This time it's personal assistants

5 Sep 11
Claudia Wood

The growth in number of personal assistants is good news, but some careful thinking is needed to address the regulation issues that arise 

Figures released over the weekend show the number of personal assistants – people hired by disabled and older people to help them with their daily lives – has grown by an enormous 35% in the past year.

Unlike home carers, personal assistants are hired by an individual to carry out all sorts of tasks. PAs will often accompany disabled people to the shops or on holidays. They don’t need any particular skill set or training. For those with care and support needs, they are the ultimate in personalised support – their boom is linked to the increase in personal budgets being rolled out across the country.

Someone with a personal budget is free to choose how to spend their funds to meet their support needs, rather than receive services from their council. They can buy the things they have always been given – a few hours of care a week, a trip to the day centre. Or, they can depart from the set menu and go to the gym instead. And, they can become an employer of a personal assistant to carry out tasks which might fall out of the remit of a nurse or formal carer.

People looking for a PA can write the job spec (eg 'must like football and have good sense of humour'), and tasks required. This makes the PA system the gold standard for giving people control over their own lives and treating them as grown adults, in a system that all too often wants to 'look after' people.

But I can’t help worrying that this progress will come undone in the face of the first abuse scandal. Because the fact is, PAs are unregulated. You can hire pretty much anyone to be a PA. You don’t need a criminal records check, you don’t have to require any training or references. This is a knotty issue. On the one hand, why should people have to carry out a CRB check to hire their daughter as their PA? On the other – many disabled people are vulnerable to financial, physical and emotional abuse. PAs coming in to people’s homes, to work unsupervised, unvetted and untrained could be a recipe for disaster.

Of course, we are talking about a tiny proportion of cases. And many local authorities and charities run schemes so people can hire ‘approved PAs’ (already vetted  and trained). But these are voluntary. And often pre-trained PAs can cost more. A person with a personal budget may decide the trade off is worth it, and go for the cheaper option.

The issue is proving divisive. Social workers and many PAs themselves are calling for regulation. But others worry this will stifle the market and put off otherwise very talented PAs. Given the government’s new ‘common sense’ approach to safeguarding, we may never move from the current compromise of a partial and voluntary system.

The problem with compromises is that they are fragile.

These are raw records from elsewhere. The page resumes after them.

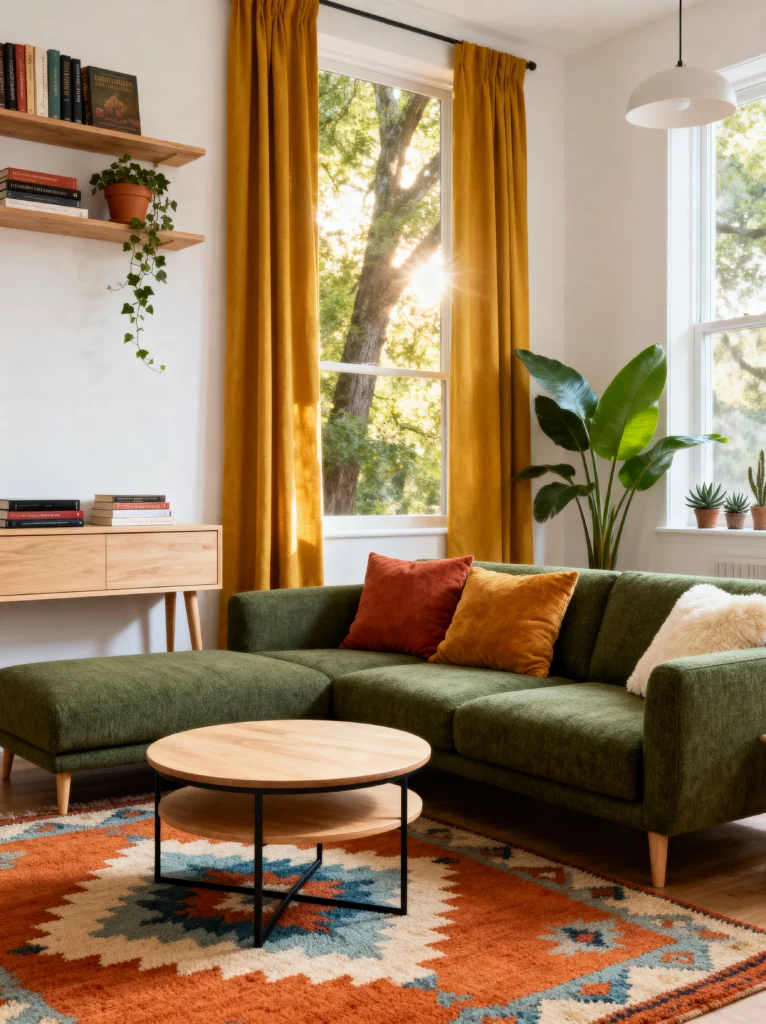 What really ties this space together is the geometric rug. It has those rusty oranges and soft blues that bridge the gap between the green furniture and the wooden elements. It’s a great reminder that you don’t need a million decorations to make a room feel complete. A few well-placed plants, some stacks of books on a light wood console, and a simple round coffee table are all you need when your color palette is this strong.
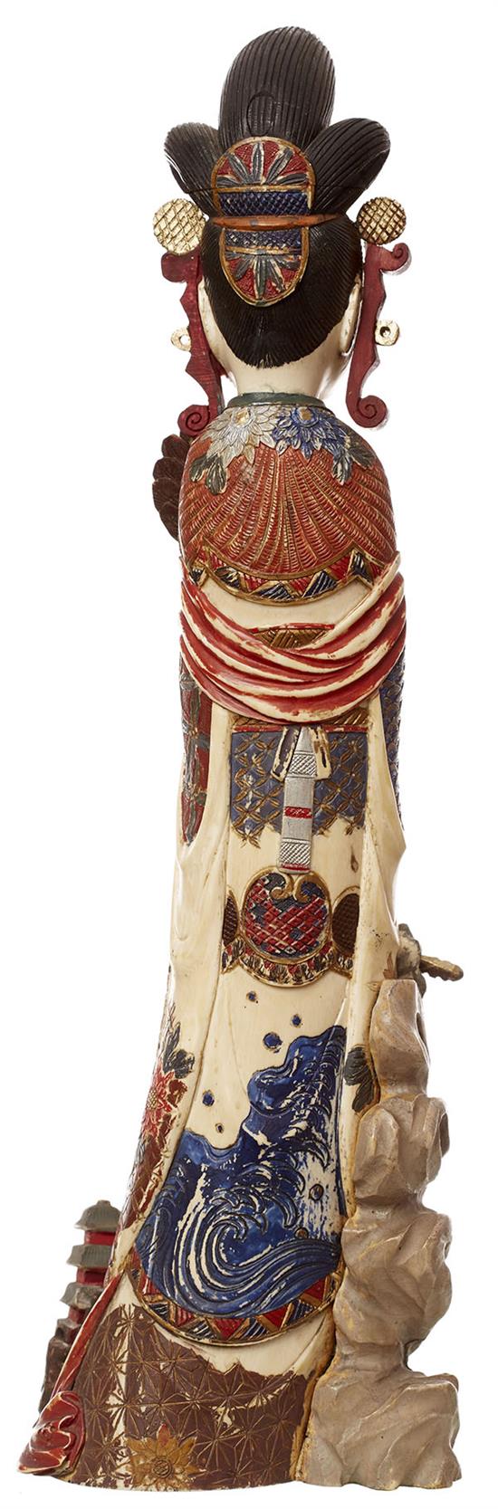 A LARGE JAPANESE 19TH CENTURY POLYCHROME IVORY FIGURE OF A LADY
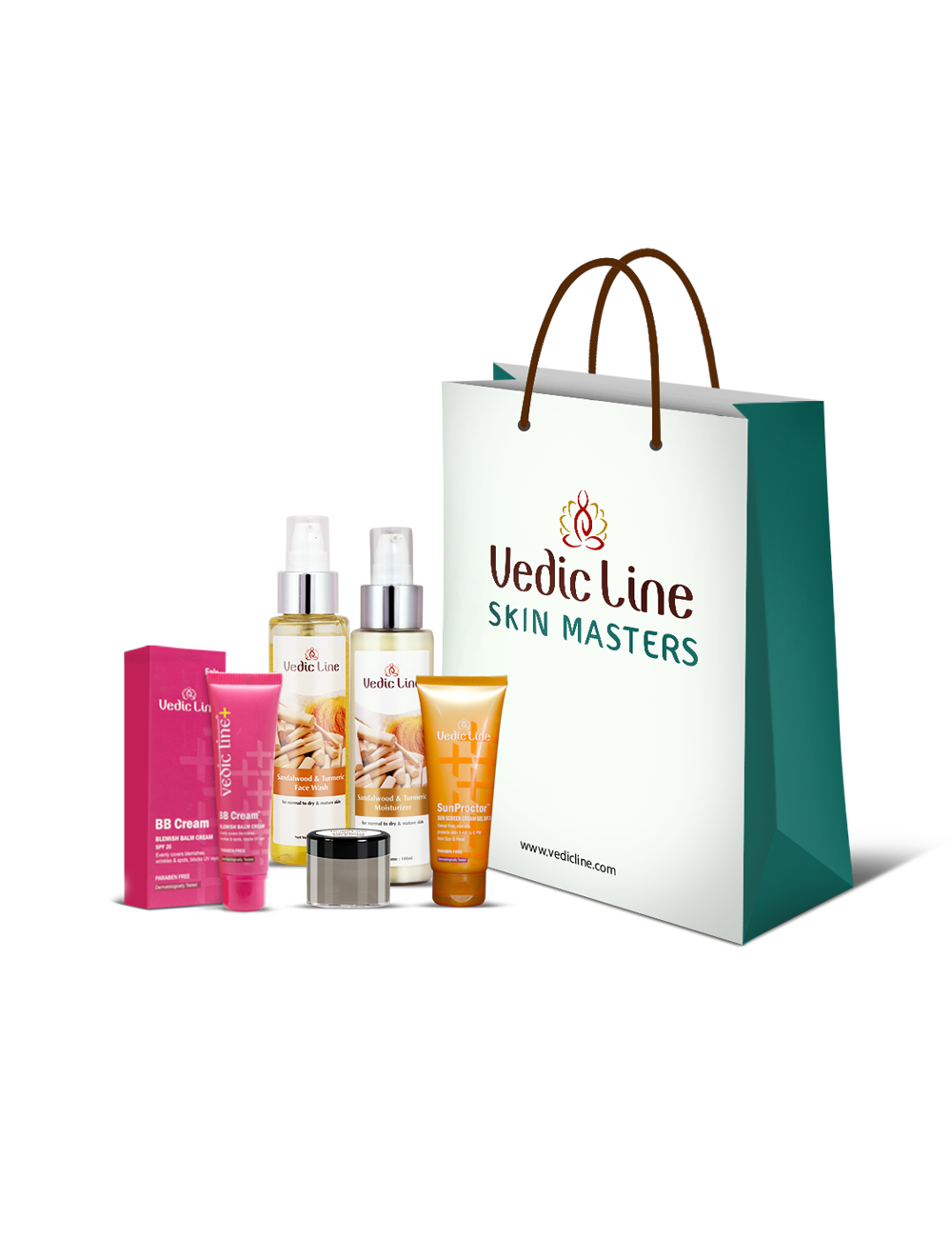 Give your skin the care it deserves with the Vedicline Gift Hampers for Skin Safeguard & Restoration; in fact, this is a thoughtfully curated collection of skincare essentials designed to protect, nourish, and restore your skin’s natural glow. Furthermore, infused with the goodness of sandalwood, turmeric, and chocolate, this hamper provides a perfect blend of hydration, sun protection, and skin-enhancing benefits. As a result, it helps to keep your skin looking fresh, youthful, and healthy.

It will take just one extreme case of abuse, and related media outcry, for it to collapse. The resulting government backlash could see the imposition of a rigid safeguarding and inspection regime, possibly strangling the PA industry at birth.

This is why we need clarity asap. There is talk of a personal assistant strategy this year – even if the government resists a compulsory PA registration and abuse reporting system, if must at least articulate a coherent voluntary system, raise awareness of it and encourage care users to adopt it. And it would do well to bring together the plethora of guidance and training initiatives being carried out locally, to create a coherent vision of best practice for PAs.

Like all good bottom up movements, the PA market is growing faster than the government can strategise. But if it doesn’t catch up soon (if not with regulation, at least with recognition) then we open the door to over-regulation at the first safeguarding scandal. And that will be a lose-lose for all involved.